Join us at The James Joyce Centre for a provocative talk by Professor Neil Davison as he discusses how Joyce’s awareness of Albert Altman, an Irish-Jewish Dubliner and local politician during the era, influenced the Dubliners’ story ‘Ivy Day in the Committee Room’. When Joyce’s piece is framed through Altman’s public profile during the historical moment the story is set, its depiction of the lament and confusion over the fall of Charles Stewart Parnell’s Home Rule leadership can be read on a more localised and nuanced level. Altman’s position as a Councillor on the Dublin Municipal Corporation from 1901-03 was a case study of the precarious position many Jews occupied in colonialised countries during the era when calcified racial divisions transformed the nature of imperialism across the globe.

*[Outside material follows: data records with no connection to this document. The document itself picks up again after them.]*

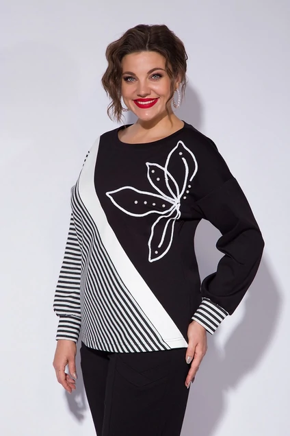 Модная женская туника, по типу джемпера, выполнена из сочетания однотонного трикотажа и трикотажа в полоску. Горловина округлой формы, на мягкой притачной планке. По линии лифа идет диагональная планка из молочного трикотажа. Одно плечо оформлено аппликацией в виде цветка с жемчужными бусинами! Рукав спущенный, по низу на притачной манжете со сборкой. Спинка без особенностей, однотонная.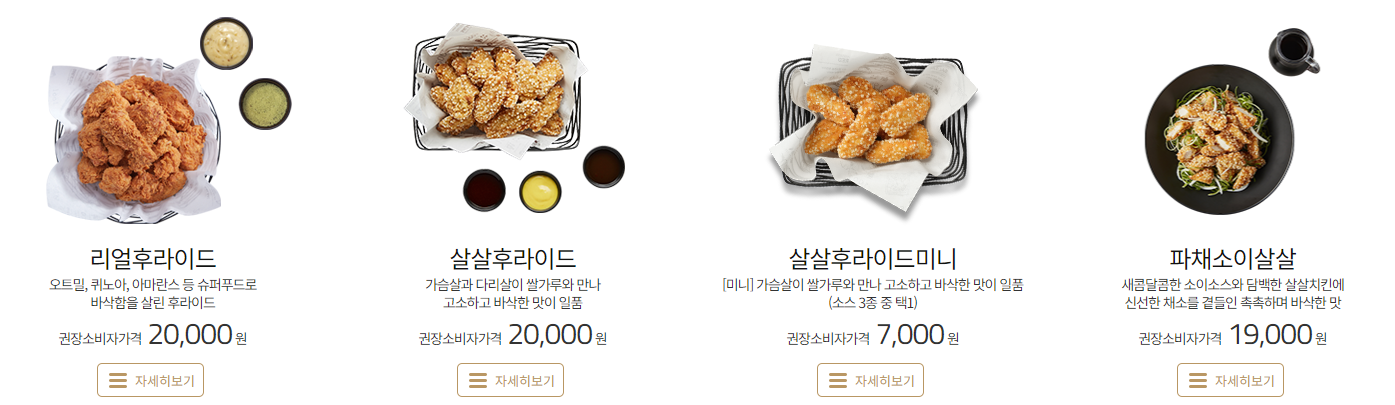 다음은 후라이드 시리즈입니다. 리얼후라이드는 닭의 모든 부위가 들어간거 같고 살살후라이드는 가슴살과 다리살만 있나봐요. 살살후라이드 미니는 가슴살로만 만들어진듯 합니다. 파채소이살살은 살살치킨에 신선한 채소가 곁들여졌다는것!! 살살후라이드 미니는 같이 먹을 추천메뉴가 안 나와있네요. 그도 그럴것이 양이 적어 이 살살후라이드미니가 다른 메뉴에 추가로 시켜야 하지 않을까 싶습니다. 그리고 확실히 후라이드가 칼로리가 전체적으로 낮은 편이네요.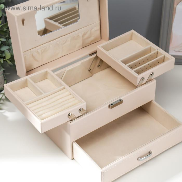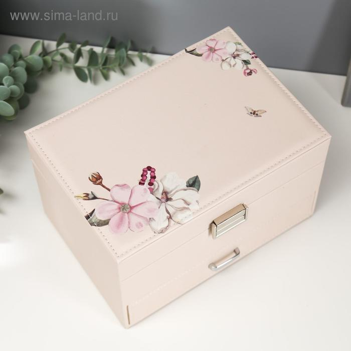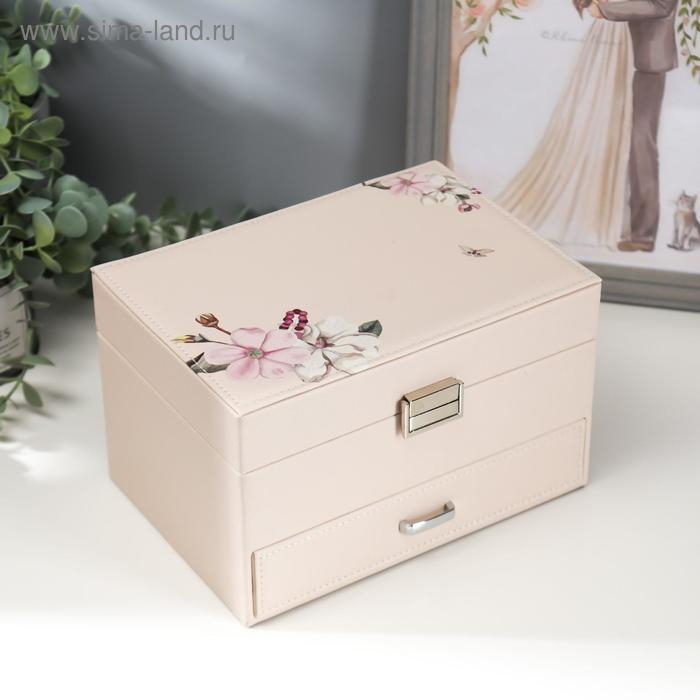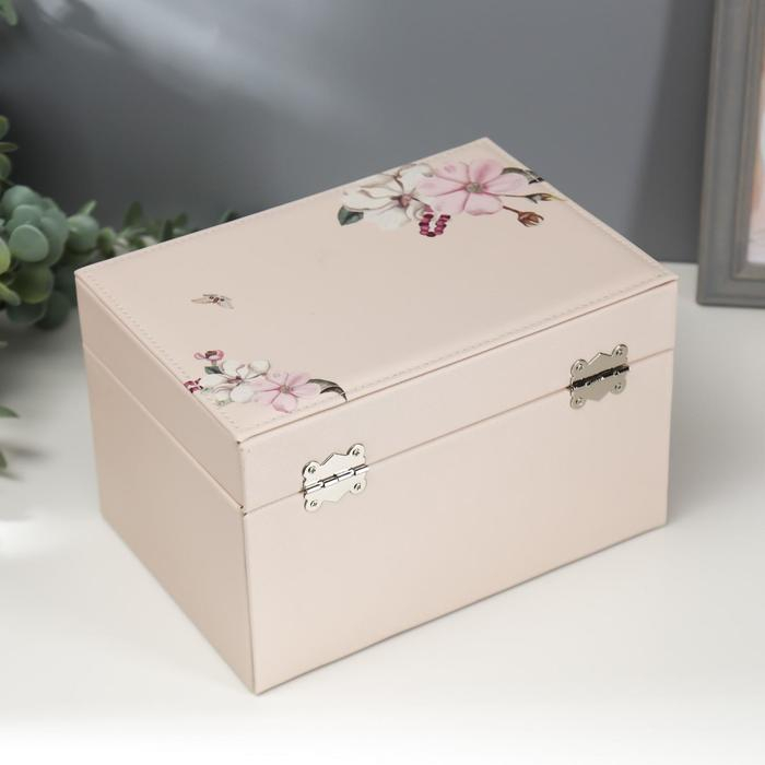 Шкатулка кожзам для украшений "Яблочный цвет" молочная 14х16х22,5 см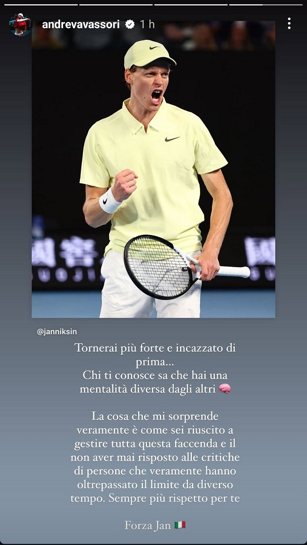 Andrea Vavassori si schiera apertamente dalla parte di Jannik Sinner. "Tornerai più forte e inc***ato" di prima, ha scritto in una storia Instagram.

In Ulysses, Leopold Bloom’s politics also appear to draw on Joyce’s memories of Altman, and ‘Ivy Day’ is the earliest piece in which the politician’s career influenced Joyce’s interest in labour issues as a necessary component of a future Irish independence. Through Altman, and later in full expression through Bloom, Joyce recognised how Jews, so often figured as outsiders to European cultures, also came to represent what has been called a third racial-space between coloniser and colonised during the late-stage of empire before the present postcolonial/post-Holocaust era.
Neil R. Davison is Professor of Modernism, Irish Studies, and Jewish Cultural Studies at Oregon State University. He is the author of James Joyce, Ulysses, and the Construction of Jewish Identity (Cambridge University Press, 1996), Jewishness and Masculinity from the Modern to the Postmodern (Routledge Press, 2010), and numerous articles on Joyce and other Irish authors, Holocaust Literature, and, most recently, Anglo and Francophone Caribbean authors. His work focuses on issues of race, gender, religion, and philosophy in twentieth-century literature.